__EXERCISE BRIEF__. Pull each line with the string "Chapel" from the entries.
[ENTRIES PROVIDED Boundary: Start]
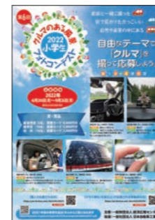
Car photo contest

KKC conducts seminars on topics of public concern, including topics such as how to prepare for and reduce the risks of dementia to realize a healthy aging society. A car photo contest for elementary school students is held in cooperation with the Japan Automobile Manufacturers Association, Inc. (JAMA), to heighten the younger generation's interest and awareness of cars and the future mobility society.
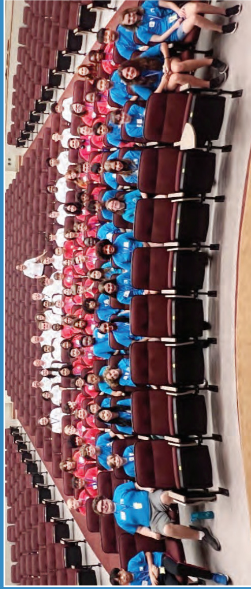
Group Photo of Destination Moon and Mars cadets & staff.
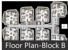
Floor Plan-Block B
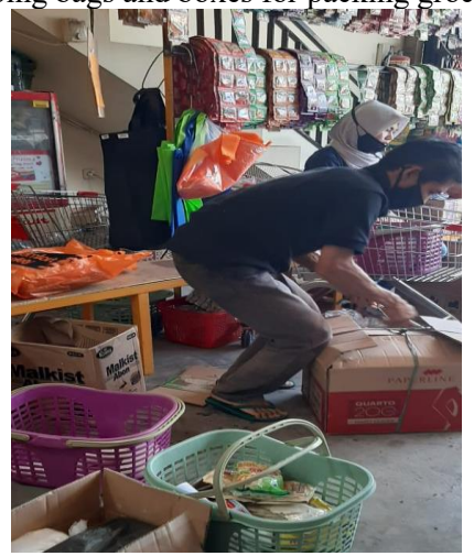
Figure 2. 'No Plastic Bag' Packing in Traditional Stall (personal documentation) 4.3 Environmental Communication Model

The two-year run of the Botak Campaign, based on observations and interviews, has made mothers feel "just plain" carrying their own shopping bags. Slowly getting used to and no longer bothered by the necessity. However, these housewives have not yet done bringing their own shopping bags to stalls or traditional markets. According to my observation, many of traditional stall also enforces plastic diet policies. They also provide shopping bags and boxes for packing groceries.
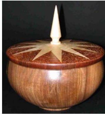
Jim Gennack – Segmented, lidded bowl: walnut, maple, lacewood w/carved insert. The lid was also a wooden top (the kind that spins).
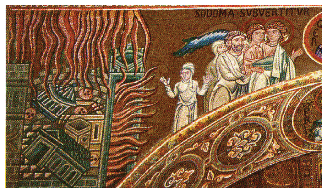
12th century mosaic in the Palatine Chapel, Norman Palace, Palermo. SODOMA SUBVERTITUR — The destruction of Sodom. Lot is fleeing Sodom, accompanied by his daughters, wife, and two angels. The woman in the center, Lot's wife, is about to be turned into a Pillar of Salt for looking back at Sodom. The angel on the right is also looking back, rather wistfully, but angels don't turn into pillars of salt.

12th century mosaic in the Palatine Chapel, Norman Palace, Palermo, Sicily. A fearful and unhappy Lot is rebuffing men of Sodom, who wish to "know" (have sex with) the two angels on the right. The Sodomites look like nice, rather attractive guys. The two angels are all atwitter, wide-eyed in anticipation of a romp with the Sodomites.
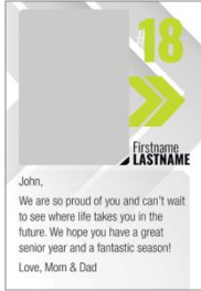
LARGE 5.5 X 8.5
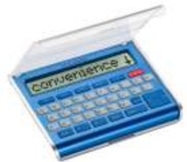
The NEW Spelling Ace® Spelling Corrector & Thesaurus

At just $19.95, the Spelling Ace is an affordable way to provide additional assistance for any student, especially students with dyslexia or other learning disabilities who need extra assistance with spelling.
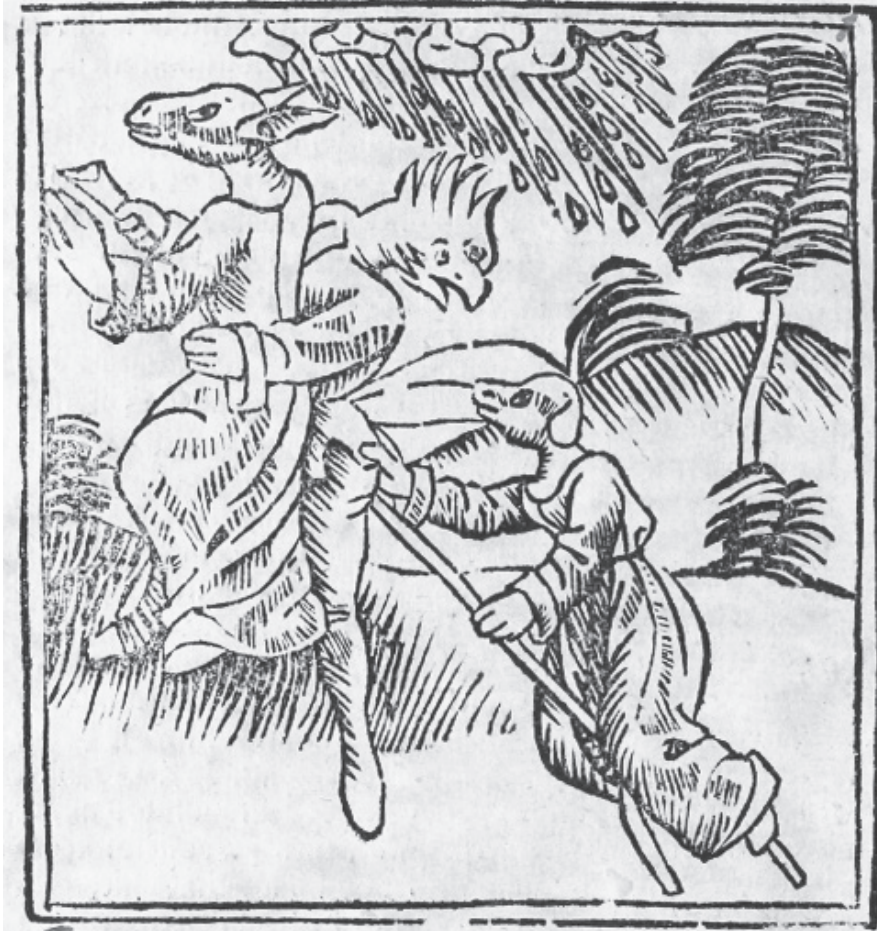
Auct. 4Q 5.30, fol. a3v, Ulricus Molitoris, De lamiis et phitonicis mulieribus. http://bit.ly/1KsoN4S .
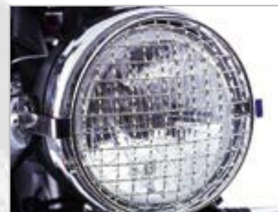
HEADLAMP GRILLE A9758024
[ENTRIES PROVIDED Boundary: End]
__ANSWER FOR THE TASK__.
12th century mosaic in the Palatine Chapel, Norman Palace, Palermo. SODOMA SUBVERTITUR — The destruction of Sodom. Lot is fleeing Sodom, accompanied by his daughters, wife, and two angels. The woman in the center, Lot's wife, is about to be turned into a Pillar of Salt for looking back at Sodom. The angel on the right is also looking back, rather wistfully, but angels don't turn into pillars of salt.
12th century mosaic in the Palatine Chapel, Norman Palace, Palermo, Sicily. A fearful and unhappy Lot is rebuffing men of Sodom, who wish to "know" (have sex with) the two angels on the right. The Sodomites look like nice, rather attractive guys. The two angels are all atwitter, wide-eyed in anticipation of a romp with the Sodomites.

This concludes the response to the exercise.